Tarifvertragliche Regelungen können, je nach Branche und Unternehmen, die Bestimmungen des Arbeitszeitgesetzes ergänzen.
Als Arbeitnehmer sollte ich also außerhalb der Arbeits- und Bereitschaftszeiten konsequent das Smartphone und den Laptop ausschalten. Dazu gehört auch, auf dem privaten Handy keine Firmen-E-Mails mehr zu checken – auch, wenn es manchmal verlockend ist.

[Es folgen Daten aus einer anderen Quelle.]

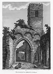 Rosserk Friary and Moyne Abbey are located close to each other,[2] north of Ballina on the west side of Killala Bay. Both were allegedly burnt by Sir Richard Bingham, Elizabeth I of England's governor of Connacht, in 1590 in Reformationist zeal.

Und das kann der Arbeitgeber auch technisch erzwingen – zum Schutze seiner Mitarbeiter:
- Moderne Arbeitgeber schützen ihre Arbeitnehmer vor einer Entgrenzung der Homeoffice-Arbeitszeit.
- Sie untersagen zum Beispiel freiwillige heimische Nachtarbeit oder unterbrechen die E-Mail-Zustellung oder die Software-Nutzung an Wochenenden.
- Zudem achten alle Beteiligten beispielsweise darauf, nur Telefon- oder Videokonferenztermine nur innerhalb der vereinbarten Arbeitszeiten anzusetzen.